Saved entries

-*-

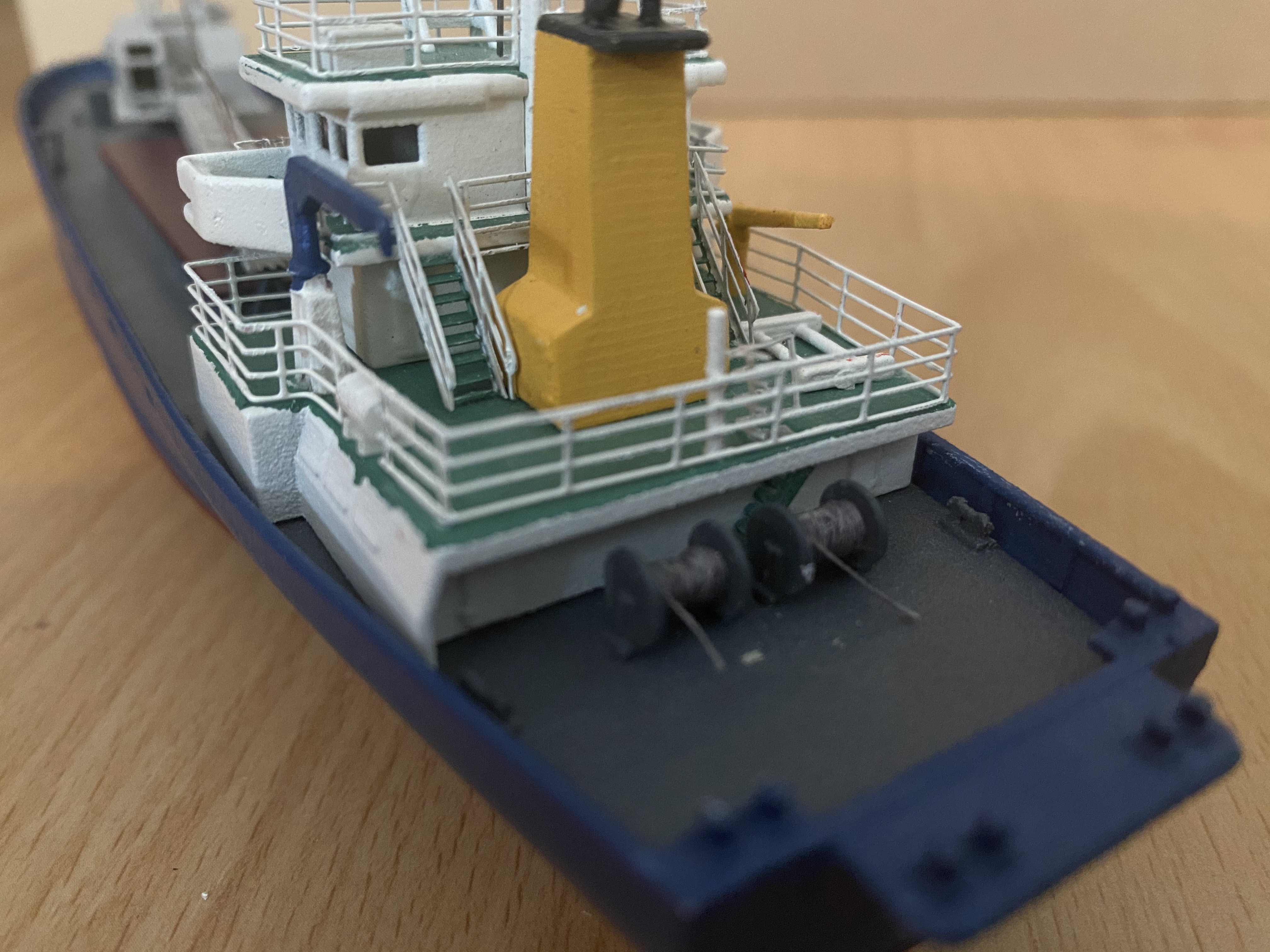 The seven Powhatan Class tugs were built and operated by the Military Sealift Command of the US navy since the late 1970‘ies for all kinds of fleet ocean tug duties. In 2014, four were still active with the US navy. Each vessel are used to tow vessels, barges, and gun exercise targets, and they are used for salvage and rescue operations. With their twin diesel engines, they have a bollard pull of approximately 54 tons. Additional equipment includes a ten ton crane, a dinghy and firefighting equipment.
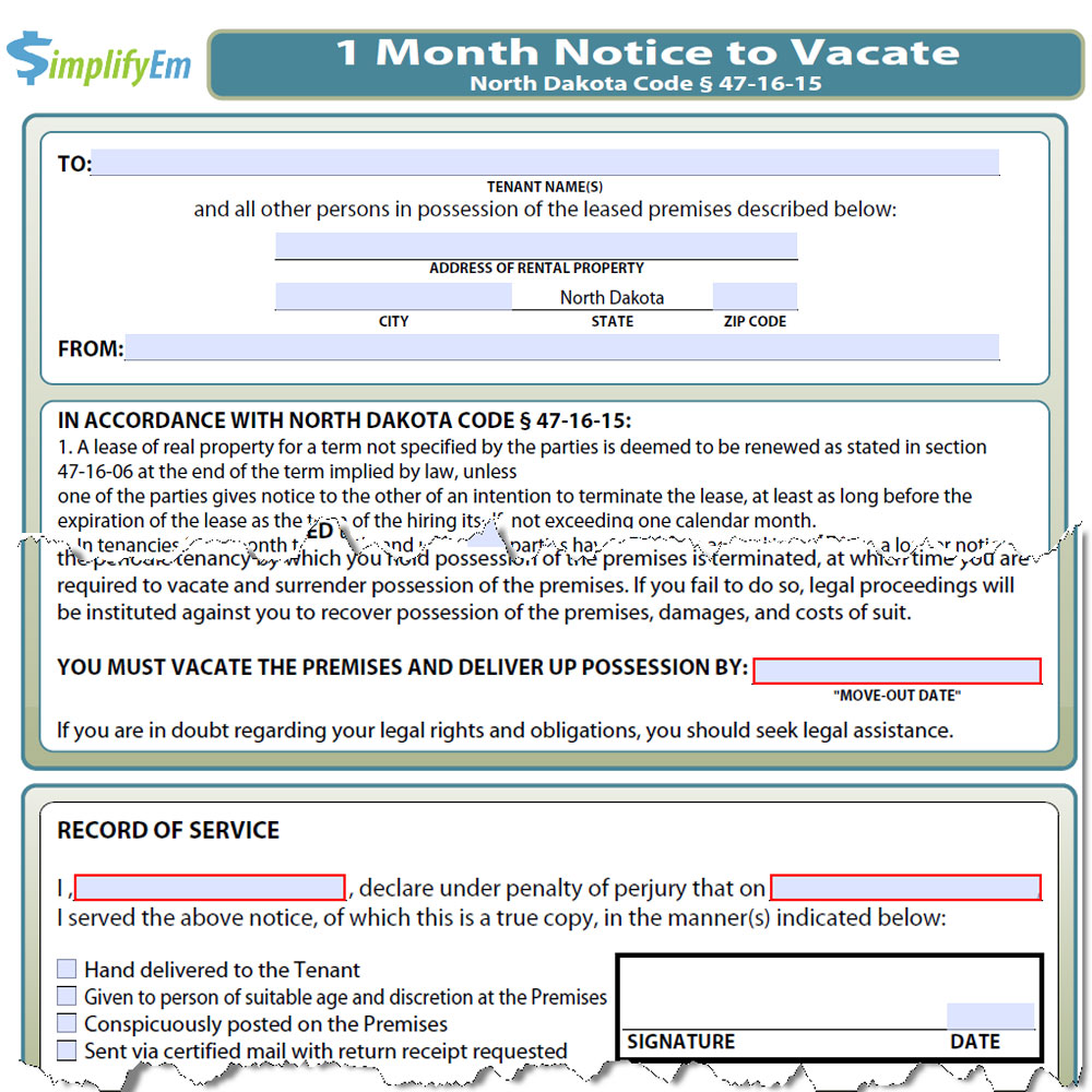 SimplifyEm North Dakota Notice to Vacate Form – Clear and easy to understand
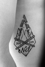 小小的点刺风格古箭头字母和数字纹身图案
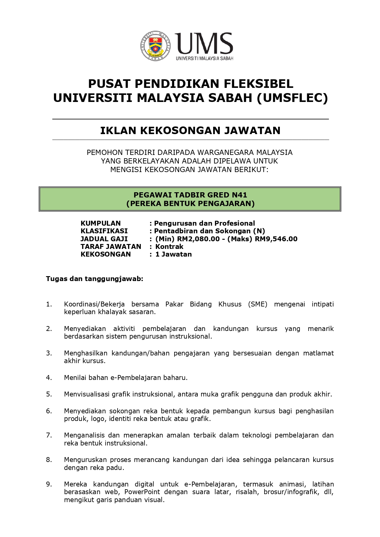 Iklan Jawatan Kosong Pegawai Tadbir (N41) di Pusat Pendidikan Fleksibel UMS
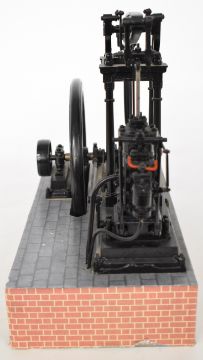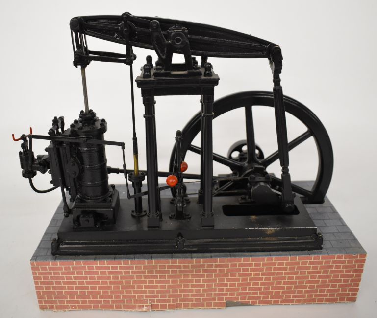 Live steam model beam engine, with dummy flyball governor, single double acting cylinder and spoked flywheel, on faux brick base, length of base 36cm
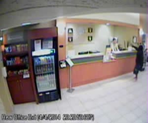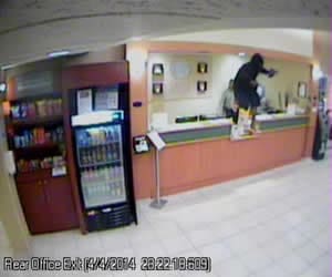 The suspect, who wore a ski mask, entered the hotel just before 11:30 p.m., and approached the front desk. He pointed a handgun at the front desk clerk, jumped over the counter and ordered the clerk to empty the cash register. The clerk complied.
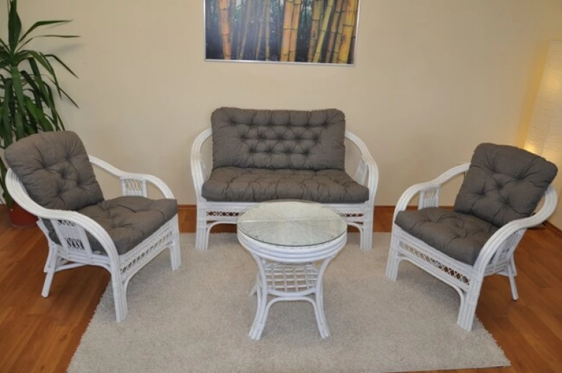 Ratanová sedací souprava Rio de Janeiro bílá - Tmavý šedý melír
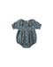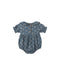 A sweet romper with a collar, short puff sleeves, and ruffle details, finished with back buttons and bottom snaps for easy changing.
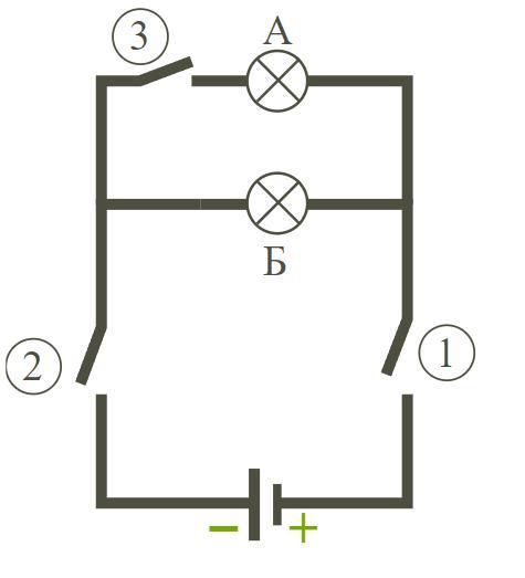 При одновременном замыкании ключа 3 и ключа 1 лампочка Б ... .
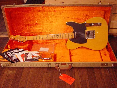1994年製のVintageSeries「52'Tele」 王道&鉄板のブラックガードにバタースコッチブロンドカラー!問答無用にかっこ良い一本です!重量は4.2kgとバランスの良いウエイトで、ボディーは木目の良い2Pアッシュを使用。シャープで抜けが良く理想的なテレキャスサウンドです!ボディー下に塗装剥げの修復後はございますが全体的に良い雰囲気となっております。フレットも8分以上は残っており、これから使い込んでまだまだ味を出して頂きたい一本です!6wayブリッチやカバーなどもしっかり付属!大変お買い得な一本です。 6wayブリッチ・ブリッチカバー・ツイードハードケース・その他紙類 付属。

-*-

Only the lines from the first line of the data above through the line with "The suspect, who" should appear in the answer, retyped exactly, with every picture left out.

ANSWER SECTION
 The seven Powhatan Class tugs were built and operated by the Military Sealift Command of the US navy since the late 1970‘ies for all kinds of fleet ocean tug duties. In 2014, four were still active with the US navy. Each vessel are used to tow vessels, barges, and gun exercise targets, and they are used for salvage and rescue operations. With their twin diesel engines, they have a bollard pull of approximately 54 tons. Additional equipment includes a ten ton crane, a dinghy and firefighting equipment.
 SimplifyEm North Dakota Notice to Vacate Form – Clear and easy to understand
 小小的点刺风格古箭头字母和数字纹身图案
 Iklan Jawatan Kosong Pegawai Tadbir (N41) di Pusat Pendidikan Fleksibel UMS
 Live steam model beam engine, with dummy flyball governor, single double acting cylinder and spoked flywheel, on faux brick base, length of base 36cm
 The suspect, who wore a ski mask, entered the hotel just before 11:30 p.m., and approached the front desk. He pointed a handgun at the front desk clerk, jumped over the counter and ordered the clerk to empty the cash register. The clerk complied.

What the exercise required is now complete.